Cordelia guffawed on the inside, picturing her brother talking back at Antoine. A few nobles spoke of it a few days prior, and it reached the Solar earlier that day, though somehow avoiding the Dowager Queen's ears.

Cordelia said nothing. While others might have taken advantage of such a situation—catching a sibling in a shameful position—she wouldn't. Nor would she ask for favors in return for protecting Jules' secrets, or threaten to reveal his excursions to their mother, or chide him for raising his voice in the King's presence.

Others gallivanted about propelling embarrassing stories about her brother, but she added nothing. The reports of the day didn't affect her, and she preferred not to get involved. As a Princess, all eyes were already on her; so pushing such foul tales would show her in a gloomy light.

She had to shine.

Besides, she didn't care what her brothers did. They often abandoned her anyway, so why would she bother? King Antoine accorded her less time than he had in the past—which wasn't frequent to start with. Her middle brother had run off near two years ago, tail between his legs, and though she loved his letters with beautiful drawings of the places he saw, she was furious with him. Jules, closest to her in age, paraded about Torrinni with his shirt half-open, his breeches half-fastened, his insides half-rotting from vigorous drinking, proclaiming to all who would listen that he enjoyed acting in such crude manners.

His ways, and Antoine's, only gave her migraines. She was too young to succumb to that sort of agony.

Most days, she had no choice but to tune in to the tales. Forced to visit the Solar with her mother and the Queen, she sat between them and feigned interest in their slander. Both claimed to frown upon scandals at court, yet they encouraged them while sitting atop their high horses and scowling.

Cordelia's nose wrinkled.

Mother is one thing; but Queen Adelaide is wretched and does not deserve to be on that throne.

Glancing at her vanity littered in paint and accessories, Cordelia sighed. Her lady-in-waiting brushed through her dark brown curls, and she couldn't help but snarl at her thoughts.

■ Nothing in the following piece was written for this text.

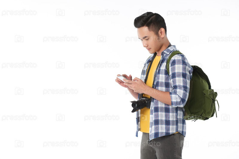 Красивый турист использует смартфон

Adelaide, Queen of nothing!

Mother warned her to play nice. To accept Adelaide, to encourage other ladies to chat with her, befriend her, share mundane conversations and harmless gossip. A few obeyed, but most faked their affiliations for good favors—and in any case, there was no such thing as harmless gossip. Especially when most of the whispers concerned her brother and his adventures, her mother sneaking about, and her King and his lack of authority. They stung when they reached her ears.

The Queen, the Queen, the Queen—it all came down to her. Perched pretty in her chair, disinterested in the noise when she spread more false knowledge than anyone else. She relished being at the center of it all, twirling her tresses around her fingers and batting her lashes as if innocent, as if pure.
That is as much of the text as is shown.